I know I did this morning when I saw the three Americans freed by North Korea step out of the airplane and into U.S. soil — one of them for the first time in nearly 950 days. I did again shortly later when I read President Trump announced he is meeting with North Korea’s supreme leader, Kim Jong Un, in Singapore next month. It will be the first ever meeting between a U.S. president and a North Korean leader.

And just a few weeks ago, the world collectively rubbed its eyes as it watched another first: Kim himself setting foot into South Korea. No North Korean leader had crossed the military demarcation line dividing the Korean people since the Korean War — nearly 70 years ago.

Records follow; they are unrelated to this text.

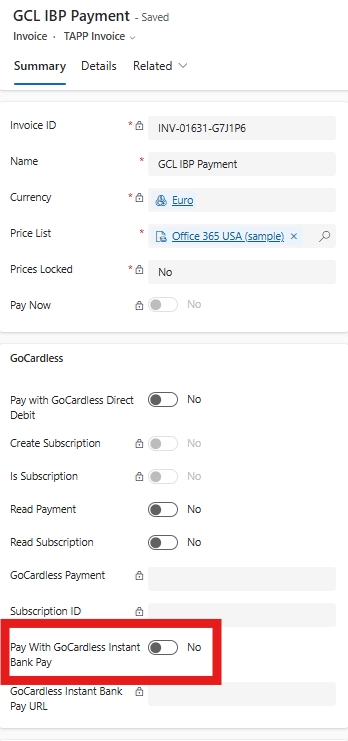 When the user wants to trigger an IBP payment for a non-zero invoice the user can simply toggle the Pay With GoCardless Instant Bank Pay fieldand save the Invoice record.
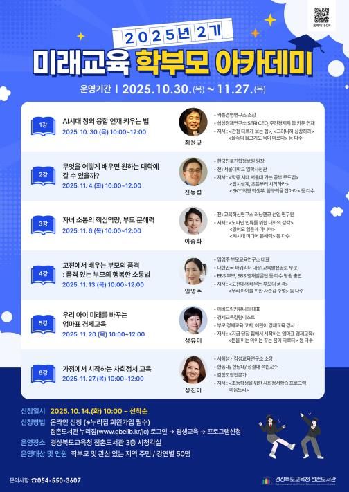 (포탈뉴스통신) 경상북도교육청 점촌도서관은 10월 30일부터 11월 27일까지 학부모 및 일반인을 대상으로 2025년 2기'미래교육 학부모 아카데미'를 운영한다.
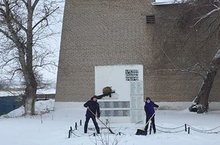 Укучылар көче белән һәйкәл тирәсе кардан арындырып торыла
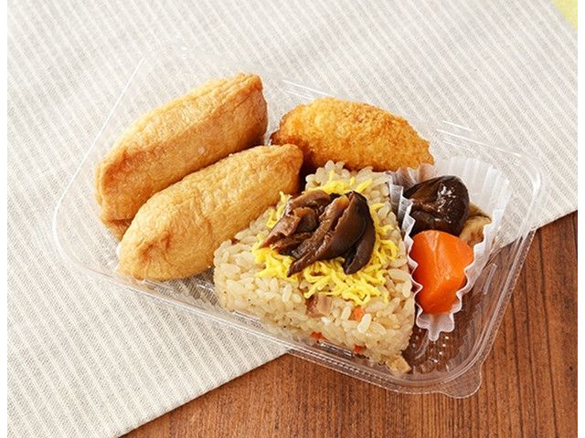 いなり寿司と季節のちらし寿司におかずを添えた、手軽に食べられる寿司セット。
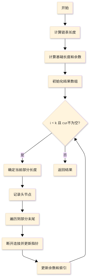 - 遍历分割链表:逐个构造 k 个部分,每个部分取对应长度的节点,注意断开链表的连接(避免各部分相连)。
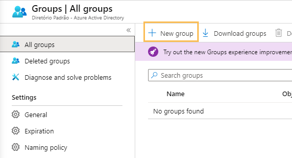 Click “New group” and create a security group called "PowerBI Portal".

The global reaction was captured in a media center not far from the DMZ, where a crowd of 2,000 journalists let out an audible gasp as they saw President Moon Jae-in welcoming Kim into South Korea.

In fact, it seems like we’re barely able to keep up with the news coming out of Korea. Everything about the quickly unfolding peace talks seems surreal.

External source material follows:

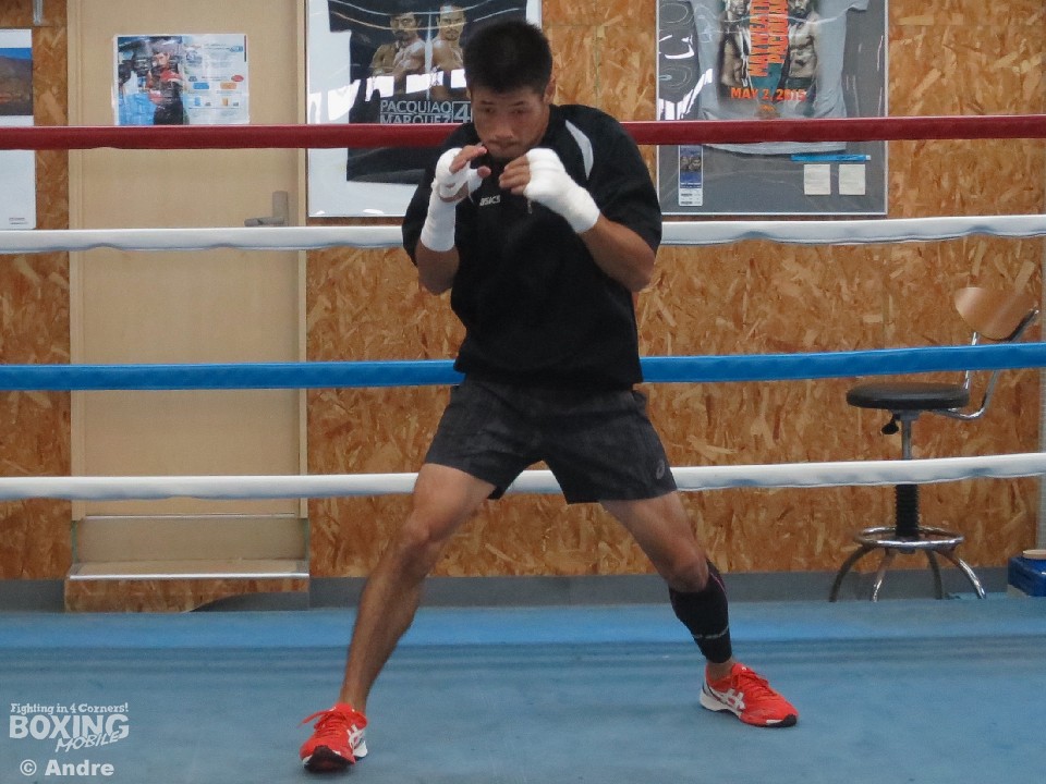 練習は入念なシャドーから4ラウンドの熱のこもったミット打ち、その後山下会長の掛け声の中2ラウンドのバック打ちを披露。その後はサウナルームで汗を流した。

Only five months ago, North Korea was testing an intercontinental ballistic missile capable of hitting New York City, Los Angeles and every city in between with a nuclear warhead. Now, we see pictures of a smiling Kim posing with Presidents Moon of South Korea and Xi Jinping of China.

As someone who has traveled inside North Korea and spent more than a decade providing resources for the Korean people, I’m greatly encouraged to see peace might actually be within reach. Yet, for as hopeful as it all may seem, we cannot let smiles and handshakes fool us. There are countless people still suffering inside North Korea. They’re the ones who pay the ultimate price for the outcome of these negotiations.

An estimated 18 million people in North Korea depend on the state’s Public Distribution System rations of potatoes and cereals, according to a 2017 United Nations report. These rations amount to less than a pound a day per person. Additionally, 10.5 million — two in five North Koreans — are undernourished, putting children especially at risk.

While North Korea faces many natural challenges to its national food production, this rampant malnourishment is largely man-made. The global military spending average is between 2 to 2.5 percent of a country’s GDP. North Korea spends nearly a quarter of its GDP on its armed forces. The regime essentially starved its own people to develop the nuclear-capable missiles that effectively paved the way to the current peace negotiations.

Still, perhaps just as egregious is North Korea’s brutal oppression of people it deems political enemies, including Christians.

North Korea is the number one persecutor of Christians in the world. The regime has ranked at the top of Open Doors’ World Watch List for 16 years straight. Tens of thousands of Christians languish in political prison camps, some simply because they were caught with a Bible. I have traveled to the DMZ and heard firsthand the stories of defectors who have faced grueling persecution because of their faith.

At the request of North Korean Christians, World Help pledged to send 100,000 Bibles to North Korea as soon as possible. Thanks to many generous supporters, we’ve provided more than 68,000 Bibles, some of which are already in East Asia ready to be smuggled into the country. Though owning a Bible is literally a prison sentence, North Korean Christians are desperate to get their hands on one and experience the hope within its pages.

As global leaders try to find a solution to the long-standing conflict in the Korean Peninsula, they must consider the humanitarian side of the equation as well as military and political factors. We would be remiss if a nonproliferation agreement is reached — but the suffering of countless innocent men, women and children continues to be ignored.

North Koreans placed their hope in similar peace summits in 2000 and 2007, which ended in prolonged human rights abuses. We shouldn't assume that these new talks mean we can become complacent about fighting for innocent North Korean people. We can’t forget them now.